Goal of the exercise ->
Here the job is to transcribe the data verbatim while leaving each picture out.

Given information ->

******************************

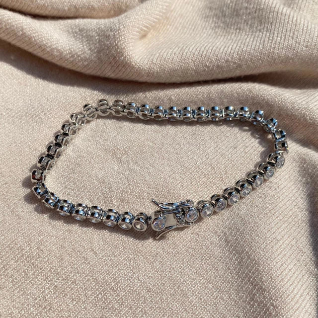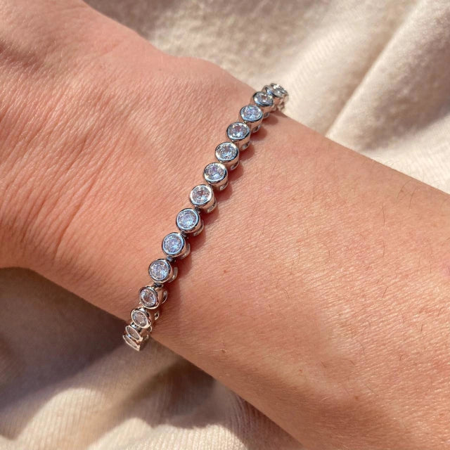 Pulseira Riviera bolinhas cravajado com zircônia e com banho de ródio.
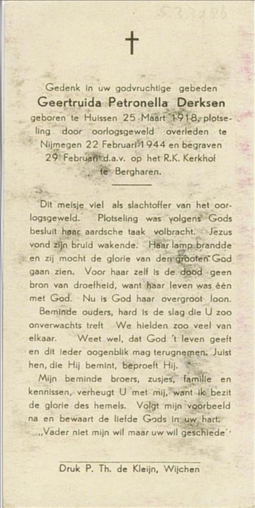 bidprentje (kopie) Geertruida Petronella Derksen
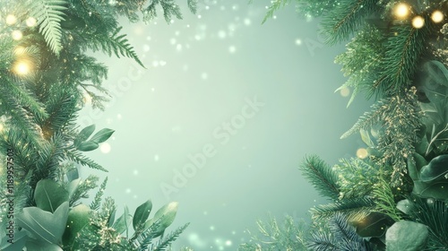 organic, circular, chaplet, composition, built, layered, forest, foliage, realistic, leaf, texture, natural, colours, variation, greenery, delicate, ivy, tendril, robust, fern, frond, wispy, pine, needle, all, rendered, botanical, precision, aethereal, bokeh, light, cool, white, pale, gold, create, illusion, sunlight, filtering, through, canopy, background, feature, subtile, gradient, green, mint

******************************

The completed task ->
 Pulseira Riviera bolinhas cravajado com zircônia e com banho de ródio.
 bidprentje (kopie) Geertruida Petronella Derksen
 organic, circular, chaplet, composition, built, layered, forest, foliage, realistic, leaf, texture, natural, colours, variation, greenery, delicate, ivy, tendril, robust, fern, frond, wispy, pine, needle, all, rendered, botanical, precision, aethereal, bokeh, light, cool, white, pale, gold, create, illusion, sunlight, filtering, through, canopy, background, feature, subtile, gradient, green, mint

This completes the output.